Under nifi-commons/nifi-utils/ there is a package called
org.apache.nifi.util.search  That is where the good stuff is.  Wild
man Tony Kurc bringing the high speed search heat there.

Thanks
Joe

On Thu, Nov 12, 2015 at 9:09 PM, Matt Burgess <[email protected]> wrote:
> That is awesome to hear, I didn't realize ScanContent worked that way, very 
> cool!
>
> Sent from my iPhone
>
>> On Nov 12, 2015, at 8:40 PM, Joe Witt <[email protected]> wrote:
>>
>> User Experience - everything we do needs to be about continually
>> improving the user experience.  So yes for sure if you've got ideas on
>> how to provide a more intuitive play - yes please.  You will find an
>> implementation of aho corasick under the standard processors
>> (ScanContent) and the associated library under search tools.
>> Amazingly fast.
>>
>> Thanks!
>> Joe
>>
>>> On Thu, Nov 12, 2015 at 8:33 PM, Matt Burgess <[email protected]> wrote:
>>> Not sure if it would prove useful but I've started messing around with the
>>> Aho-Corasick algorithm in the hopes of the user being able to paste in some
>>> sample data and getting a regex out. If the data is "regular", the user
>>> wouldn't need to know an expression language, they would just need a
>>> representative sample of their data.
>>>
>>> Depending on how crazy I want to get, I might do cross-fold validation
>>> (rated against the algorithm on the whole set) for the sample input to see
>>> if it's really "regular" or that guessing a regex is just too hard for the
>>> given data.
>>>
>>> Anyway, do you think a "regex guesser" or "NiFi expression guesser" would be
>>> a valuable feature? The missing link is the translator from Finite State
>>> Machine (from Aho-Corasick) to the target model (regex or otherwise). The
>>> research has been done and there is code available (under GPL) so on purpose
>>> I did not read the paper or look at the source.
>>>
>>> Sorry in advance if I've gone too far afield here, I've just felt the pains
>>> of users trying to get the right recognizers for their data fields.
>>>
>>> Cheers,
>>> Matt
>>>
>>> Sent from my iPhone
>>>
>>> On Nov 12, 2015, at 7:54 PM, Joe Witt <[email protected]> wrote:
>>>
>>> We have to make this easier...
>>>
>>> Maybe we should give someone access to an inline expression editor and see
>>> the results.  Like in regexpal...
>>>
>>>> On Nov 12, 2015 7:26 PM, "Charlie Frasure" <[email protected]> 
>>>> wrote:
>>>>
>>>> Good call.  I added trim() to the matches command, and it seems to have
>>>> resolved the issue.  I was checking for sane lengths, but maybe there was a
>>>> \n or something in there.  Problem for another day.  Thanks.
>>>>
>>>>
>>>> On Thu, Nov 12, 2015 at 7:13 PM, Matthew Clarke
>>>> <[email protected]> wrote:
>>>>>
>>>>> Make sure your attribute name and value does not have white space on
>>>>> either side. A 'space' is a valid character and is often over looked. "

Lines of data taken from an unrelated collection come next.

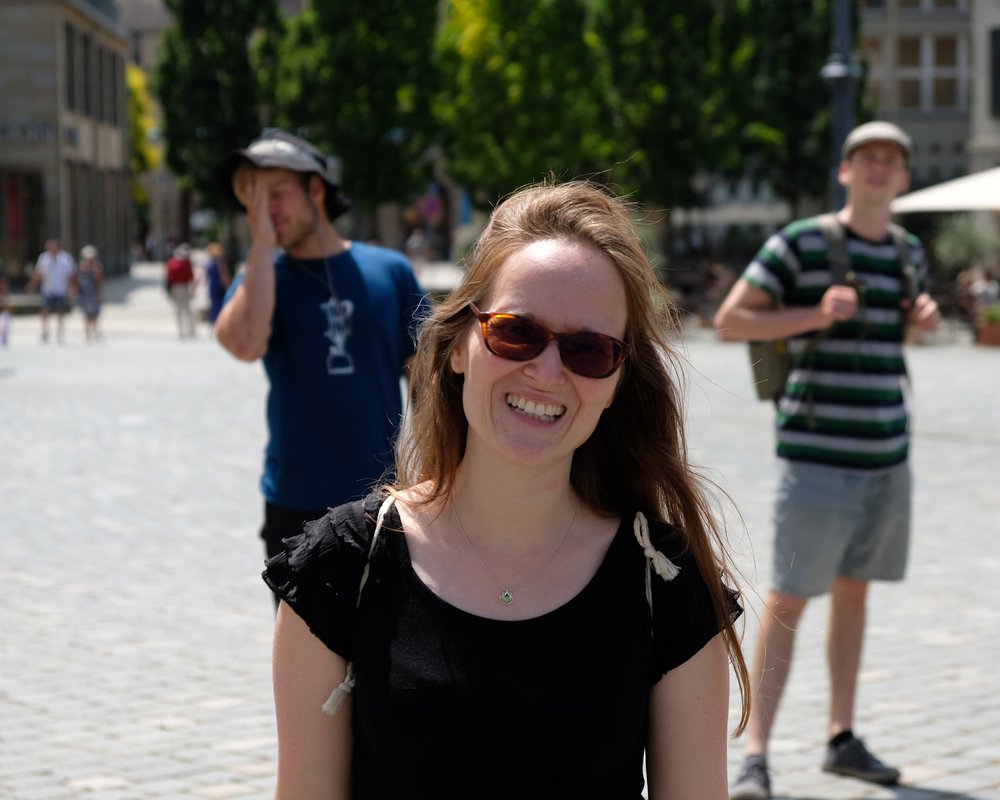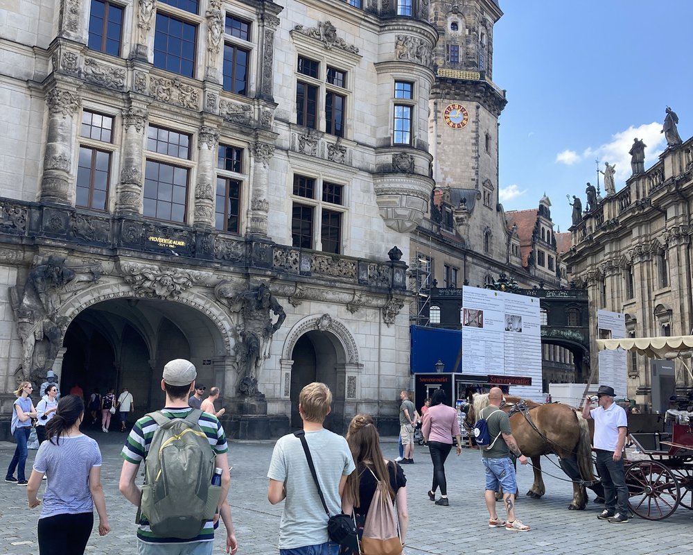 Dort wurden wir bei Rebecca (Schwester von Moritz’ Freundin Adina) in eine wunderschöne WG einquartiert. Nach einem schönen idyllischen Abend ging es dann am Samstag von der Neustadt bis zur Altstadt einmal querbeet durch Dresden. Nachdem wir alles Touristische abgeklappert haben, wollten wir noch beim Globetrotter vorbei. Zum einen weil eine Radtasche von Moritz bereits einen Riss hat und zum anderen weil wir mal wieder Seifennachschub gebrauchen können. Wir setzten uns davor noch auf einen Platz und snackten Brot und Hummus zu Mittag mit Pfirsich als Nachtisch. Und da passierte dann auch das Malheur. Moritz war wohl noch zu sehr inspiriert von Pumas und Biebern und biss beherzt in den Pfirsich mitsamt Stein. Dabei brach dann ein Stück seines Schneidezahns (oder Säbelzahn?) ab. Er ging also zum nicht weit weg gelegenen Notdienst, konnte jedoch nicht direkt drangenommen werden, da es sich nicht um einen Notfall handelte. Immerhin wurde ihm ein Termin für Montag gegeben, das heißt für uns also noch einen weiteren freien Tag.
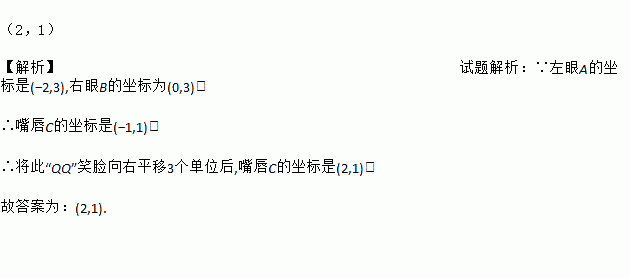 如图,把“QQ”笑脸放在直角坐标系中,已知左眼A的坐标是,右眼B的坐标为,则将此“QQ”笑脸向右平移3个单位后,嘴唇C的坐标是______.
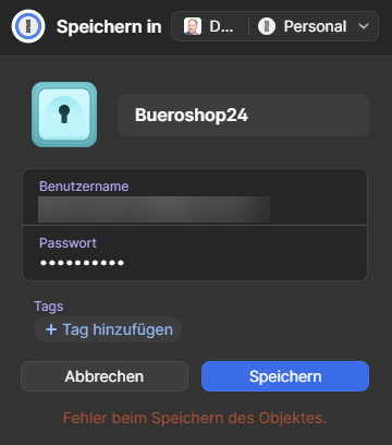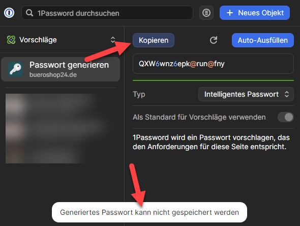 https://www.bueroshop24.de/registrierungbut it was not possible to save a new entry for that shop into 1Password. ☹️It was also not possible to use the generated password from the browser infield-popup. Nothing happens when clicking on the generated password.
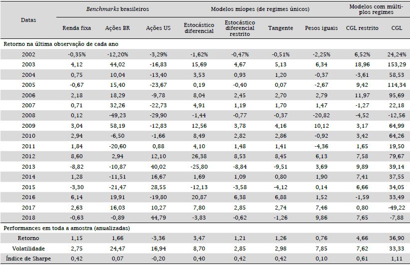 Para efeito de comparação, a tabela 7 mostra as performances anualizadas das classes de ativos utilizados como benchmarks brasileiros, das estratégias míopes (que enxergam um único regime) e das carteiras sugeridas pelo modelo CGL com múltiplos regimes (com e sem venda a descoberto). Conforme vimos na seção anterior, desde o início das observações até 2012, os regimes mais frequentes eram crash, bull e recovery - aqui, observamos as devidas consequências. Em 2003 e 2009, os prêmios de risco da renda fixa ficaram ligeiramente acima de 3%. Já 2003, 2007 e 2009, mostram que os maiores resultados de ações BR ficaram pouco acima de 30%. E entre 2002 e 2010, as ações US ficaram negativas. Observamos também que o modelo estocástico diferencial e o modelo tangente têm resultados muito próximos à classe de renda fixa. Ao mesmo tempo, em 6 destes 10 anos de carteiras mais alavancadas, através do modelo CGL, o investidor poderia ter obtido prêmios de risco acima de 50% ao ano - sendo 2003, 2005 e 2006 acima de 95%. Apenas em 2007 e durante a crise do subprime, o modelo não apresentou performance acima do mercado.
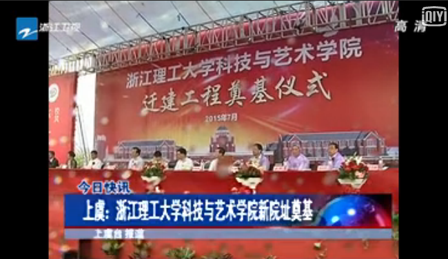 7月7日,浙江电视台名栏目《浙江新闻联播》报道了我校科技与艺术学院在绍兴市上虞区滨海新城举行迁建工程奠基仪式新闻。
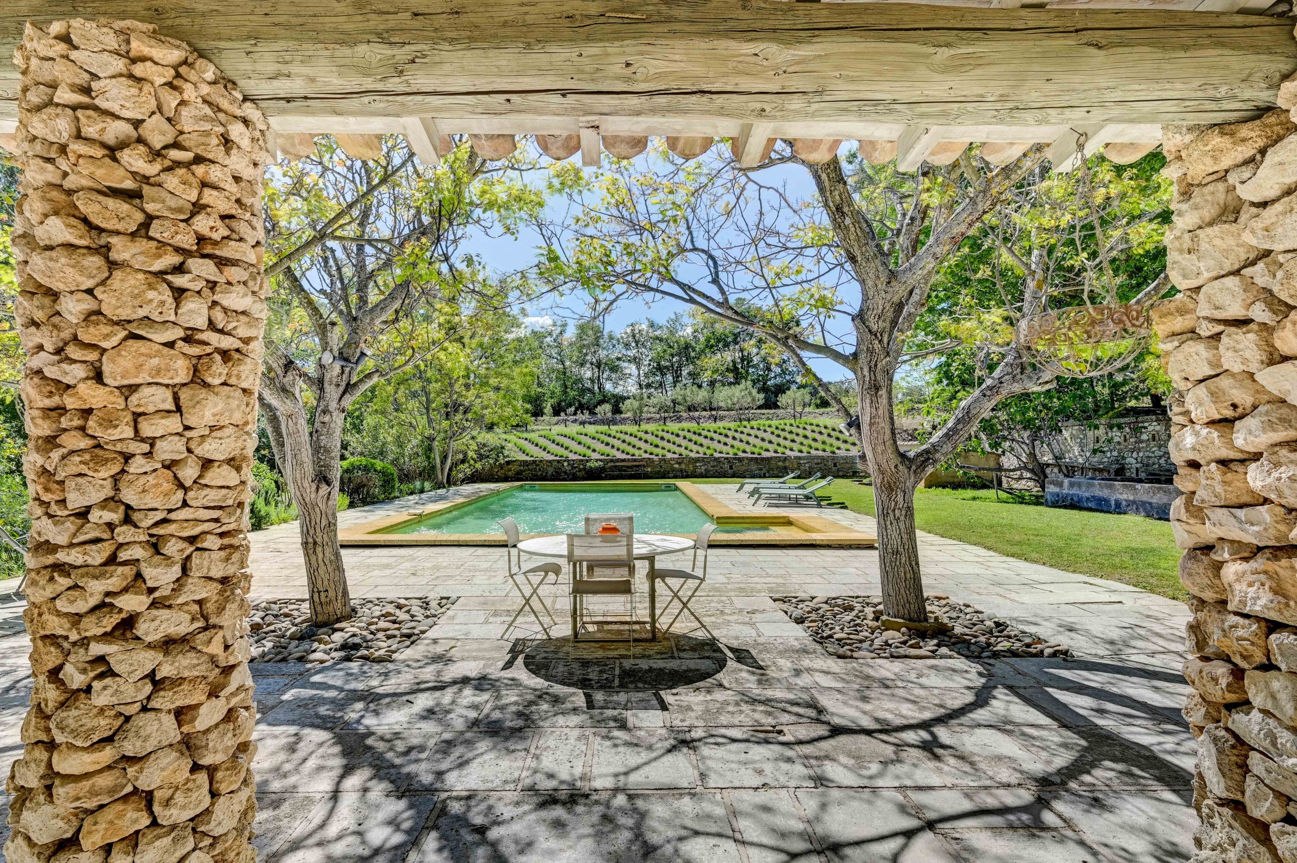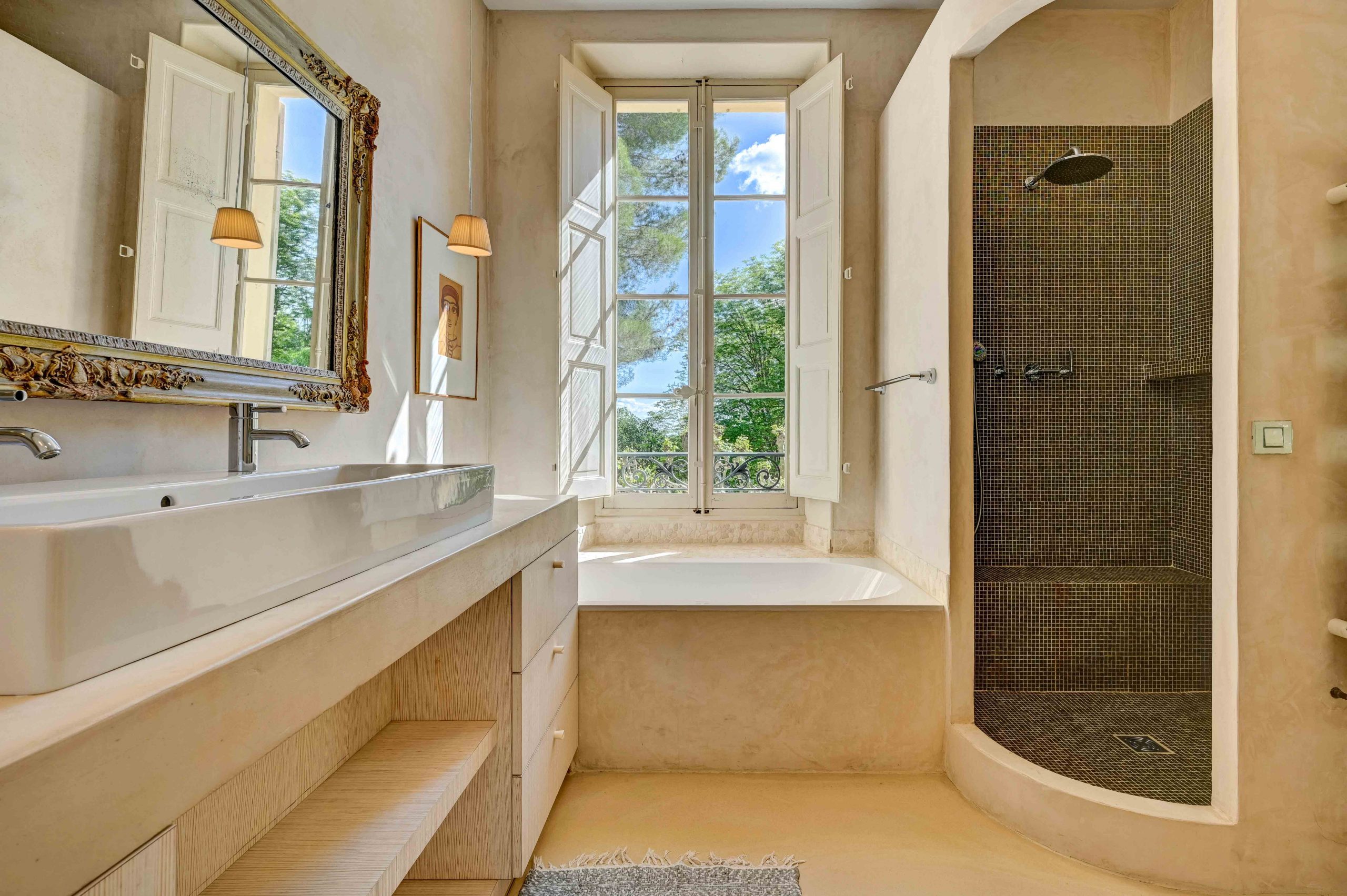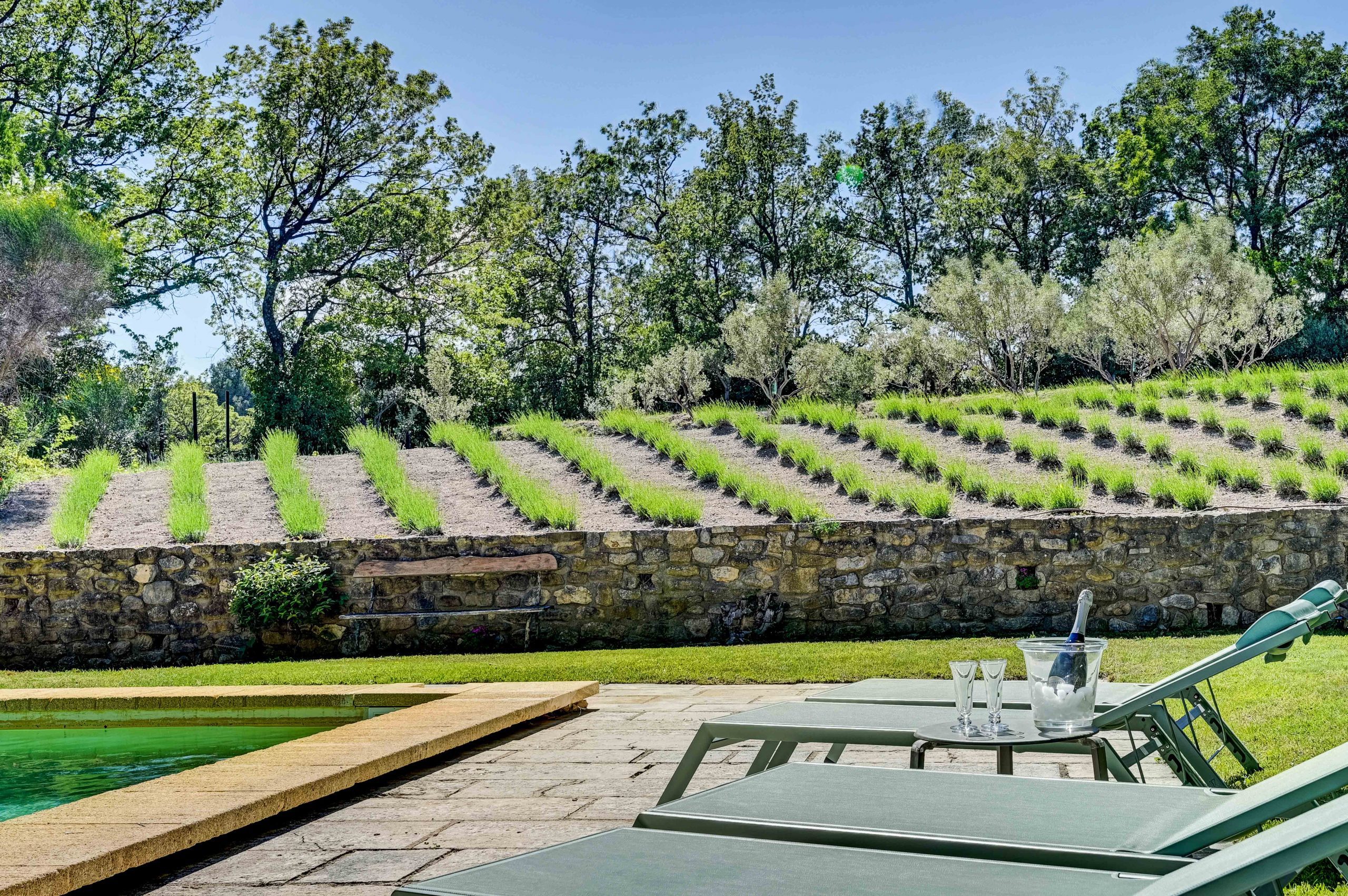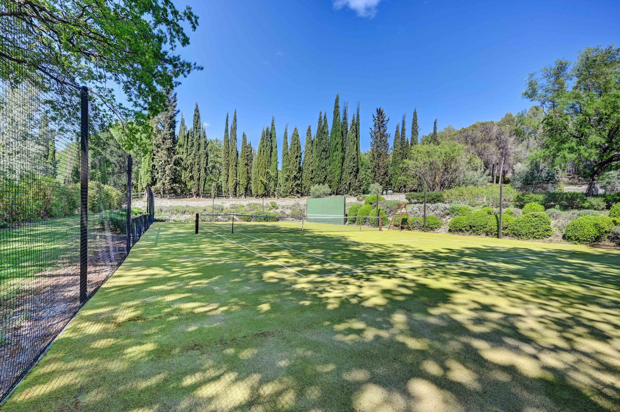 L’extérieur de la Bastide du Souvenir est un véritable havre de paix, où la nature règne en maître. Les essences méditerranéennes vous offrent un spectacle de couleurs et de senteurs, tandis que le doux bruit de l’eau de la source naturelle vous apaisera. La piscine de quinze mètres par six, avec son pool house aménagé, est le lieu idéal pour se rafraîchir lors des chaudes journées d’été. Le terrain de tennis ombragé, quant à lui, ravira les sportifs en herbe.

>>>>> encoding" does not equal "encoding" or "encoding ". The same applies for 
>>>>> the
>>>>> attribute values.
>>>>>
>>>>> On Nov 12, 2015 7:07 PM, "Charlie Frasure" <[email protected]>
>>>>> wrote:
>>>>>>
>>>>>> Thanks.  I did use the matches syntax already and checked the attribute
>>>>>> values in each processor using Data Provenance, but I will try adding the
>>>>>> additional bulletin to see if something else surfaces.
>>>>>>
>>>>>> On Thu, Nov 12, 2015 at 7:00 PM, Matthew Clarke
>>>>>> <[email protected]> wrote:
>>>>>>>
>>>>>>> Try adding a logAttribute processor after your encoding test to see
>>>>>>> what values are actually getting assigned to the encoding attribute.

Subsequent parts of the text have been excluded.